Ecosystem services as technology of globalization: on articulating values in urban nature

Ernstson, H., & Sörlin, S. (2013). Ecosystem services as technology of globalization: On articulating values in urban nature. Ecological Economics, 86, 274–284. doi:10.1016/j.ecolecon.2012.09.012

Cape Town
Publication type
Scientific article (peer-reviewed)
CityLab Programme
DOI Title
Ecosystem services as technology of globalization: On articulating values in urban nature
Ecological Economics
Henrik Ernstson Sverker Sörlin
Published year
Economics and Econometrics General Environmental Science
Urban Nature Protection Postpolitical New Public Management NPM Actor-Network Theory ANT The Economics of Ecosystems and Biodiversity TEEB ICLEI - Local Governments for Sustainability



The paper demonstrates how ecosystem services can be viewed and studied as a social practice of value articulation. With this follows that when ecosystem services appear as objects of calculated value in decision-making they are already tainted by the social and cannot be viewed as merely reflecting an objective biophysical reality. Using urban case studies of place-based struggles in Stockholm and Cape Town, we demonstrate how values are relationally constructed through social practice. The same analysis is applied on ecosystem services. Of special interest is the TEEB Manual that uses a consultancy report on the economic evaluation of Cape Town's ‘natural assets’ to describe a step-by-step method to catalog, quantify and price certain aspects of urban nature. The Manual strives to turn the ecosystem services approach into a transportable method, capable of objectively measuring the values of urban nature everywhere, in all cities in the world.

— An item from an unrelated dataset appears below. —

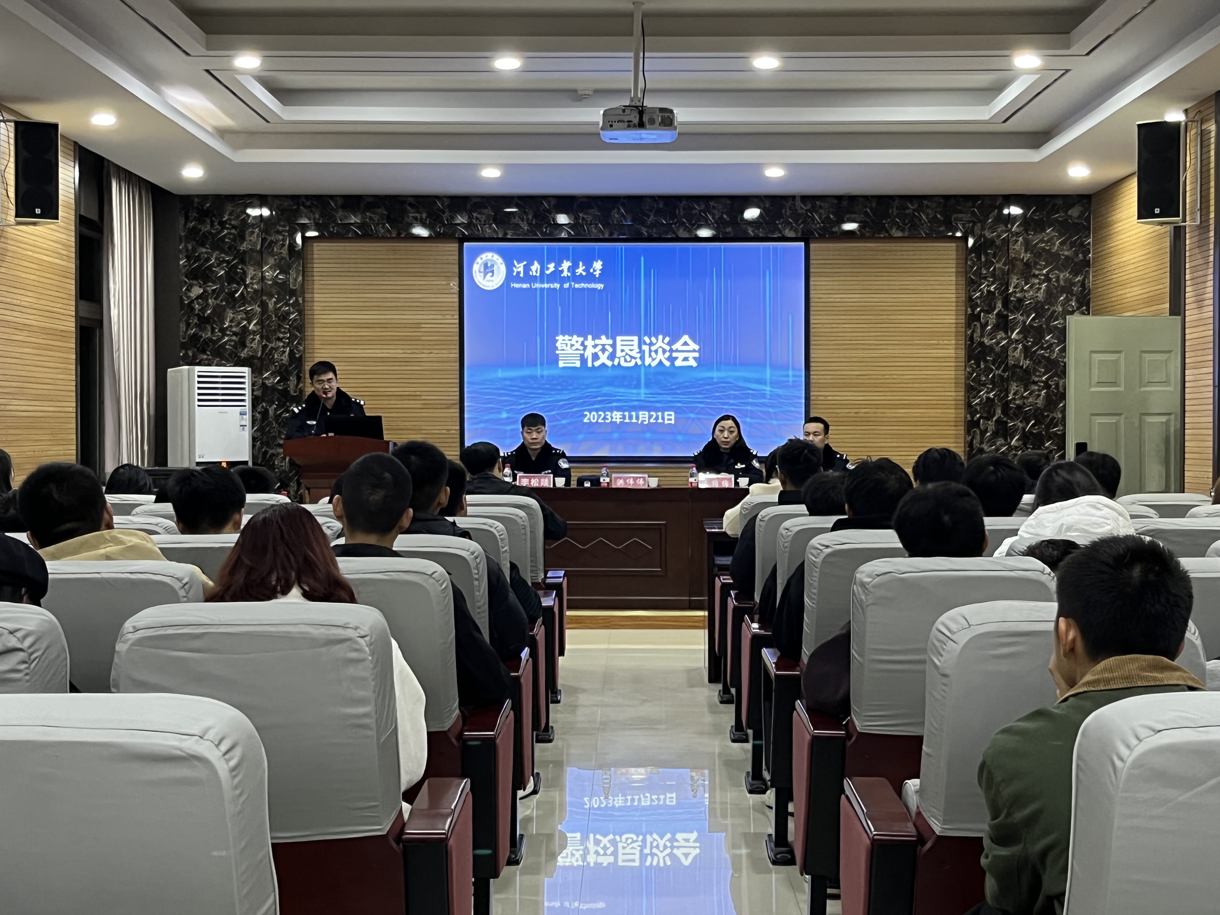 、保卫处联合郑州高新公安分局在学院6228会议室举办警校恳谈会。郑州公安高新区分局情报指挥中心教导员李绵绵、民警洪伟伟、刘智隆、李松燚;学校保卫处副处长李磊、学院全体辅导员及150余名学生代表参加警校恳谈会。
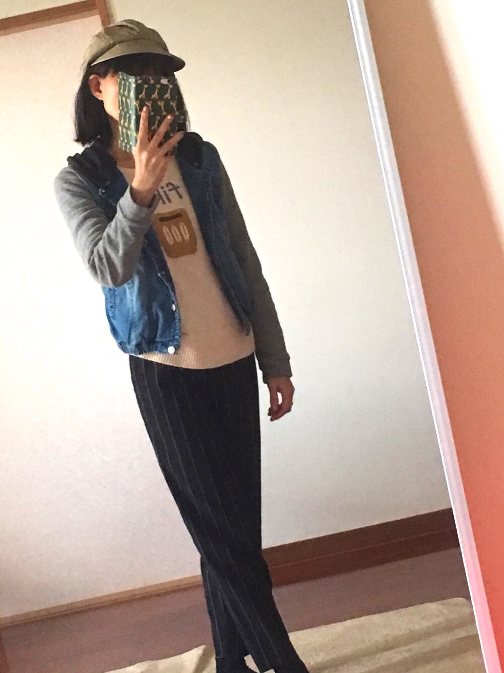 デニム以外のロングパンツは滅多に着ないけど、少年ぽいコーデは好きです♡帽子も好き♡

With its gesture of being universal and objective, the article suggests that the ecosystem services approach is a technology of globalization that de-historicizes and de-ecologizes debates on urbanized ecologies, effectively silencing other—and often marginalized—ways of knowing and valuing. The paper inscribes ecosystem services as social practice, as part of historical process, and as inherently political. A call is made for critical ethnographies of how ecosystem services and urban sustainability indicators are put into use to change local decision-making while manufacturing global expertise.